**WHAT YOU WILL DO**
Transcribe the entries below exactly, starting with the line that has "Pretty sure I" and stopping after the line that has "CT, Cholera Treatment"; no pictures belong in the copy.

START TASK MATERIAL

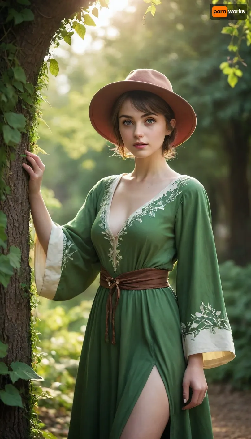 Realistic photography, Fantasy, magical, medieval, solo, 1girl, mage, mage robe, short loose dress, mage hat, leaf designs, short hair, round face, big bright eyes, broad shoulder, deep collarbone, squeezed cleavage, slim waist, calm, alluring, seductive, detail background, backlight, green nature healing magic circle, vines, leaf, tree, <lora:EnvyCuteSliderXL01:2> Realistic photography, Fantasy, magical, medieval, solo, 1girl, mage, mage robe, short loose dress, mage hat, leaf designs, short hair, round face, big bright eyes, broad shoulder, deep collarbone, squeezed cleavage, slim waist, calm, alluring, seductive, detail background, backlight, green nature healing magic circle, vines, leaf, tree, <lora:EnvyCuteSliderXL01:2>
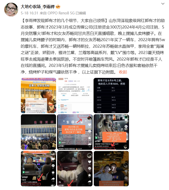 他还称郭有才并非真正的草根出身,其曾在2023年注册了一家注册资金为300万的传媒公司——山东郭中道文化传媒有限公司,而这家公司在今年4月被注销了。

END TASK MATERIAL
START TASK MATERIAL

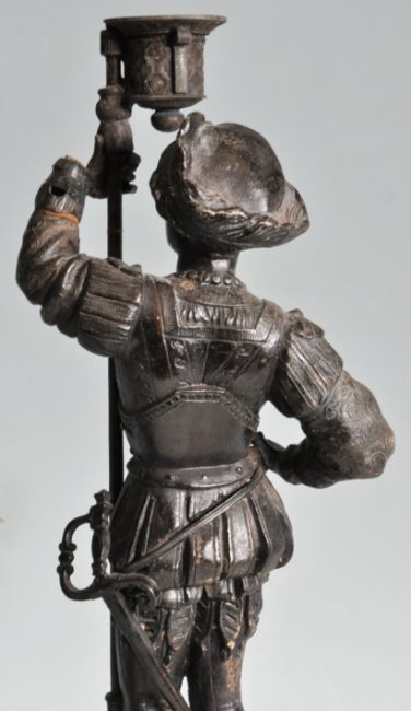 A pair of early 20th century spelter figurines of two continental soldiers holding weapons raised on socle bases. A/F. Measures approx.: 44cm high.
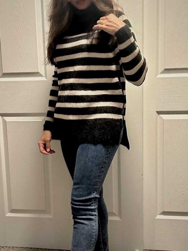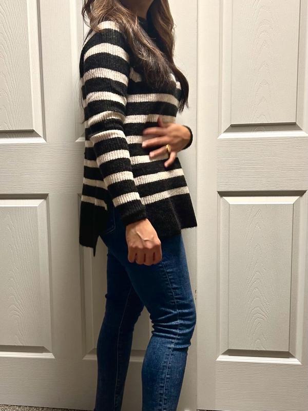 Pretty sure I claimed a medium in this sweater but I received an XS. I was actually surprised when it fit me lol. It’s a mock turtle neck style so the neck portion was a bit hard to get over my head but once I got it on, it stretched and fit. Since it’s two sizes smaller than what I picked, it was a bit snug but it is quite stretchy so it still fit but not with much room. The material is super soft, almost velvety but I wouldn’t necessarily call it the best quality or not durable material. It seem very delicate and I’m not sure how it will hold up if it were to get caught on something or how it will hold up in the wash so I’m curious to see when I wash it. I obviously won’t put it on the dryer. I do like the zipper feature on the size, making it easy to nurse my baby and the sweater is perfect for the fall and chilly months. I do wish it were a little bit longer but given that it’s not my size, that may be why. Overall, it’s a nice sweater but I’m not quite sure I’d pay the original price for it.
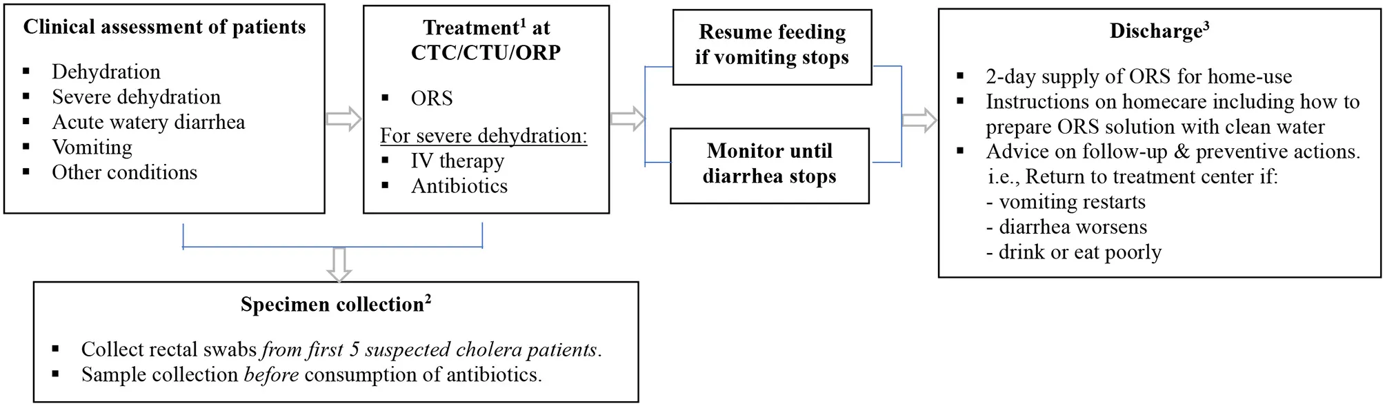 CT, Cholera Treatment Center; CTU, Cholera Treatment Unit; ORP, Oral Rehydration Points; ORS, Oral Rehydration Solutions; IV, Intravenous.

END TASK MATERIAL

**EXERCISE RESULT**
 Pretty sure I claimed a medium in this sweater but I received an XS. I was actually surprised when it fit me lol. It’s a mock turtle neck style so the neck portion was a bit hard to get over my head but once I got it on, it stretched and fit. Since it’s two sizes smaller than what I picked, it was a bit snug but it is quite stretchy so it still fit but not with much room. The material is super soft, almost velvety but I wouldn’t necessarily call it the best quality or not durable material. It seem very delicate and I’m not sure how it will hold up if it were to get caught on something or how it will hold up in the wash so I’m curious to see when I wash it. I obviously won’t put it on the dryer. I do like the zipper feature on the size, making it easy to nurse my baby and the sweater is perfect for the fall and chilly months. I do wish it were a little bit longer but given that it’s not my size, that may be why. Overall, it’s a nice sweater but I’m not quite sure I’d pay the original price for it.
 CT, Cholera Treatment Center; CTU, Cholera Treatment Unit; ORP, Oral Rehydration Points; ORS, Oral Rehydration Solutions; IV, Intravenous.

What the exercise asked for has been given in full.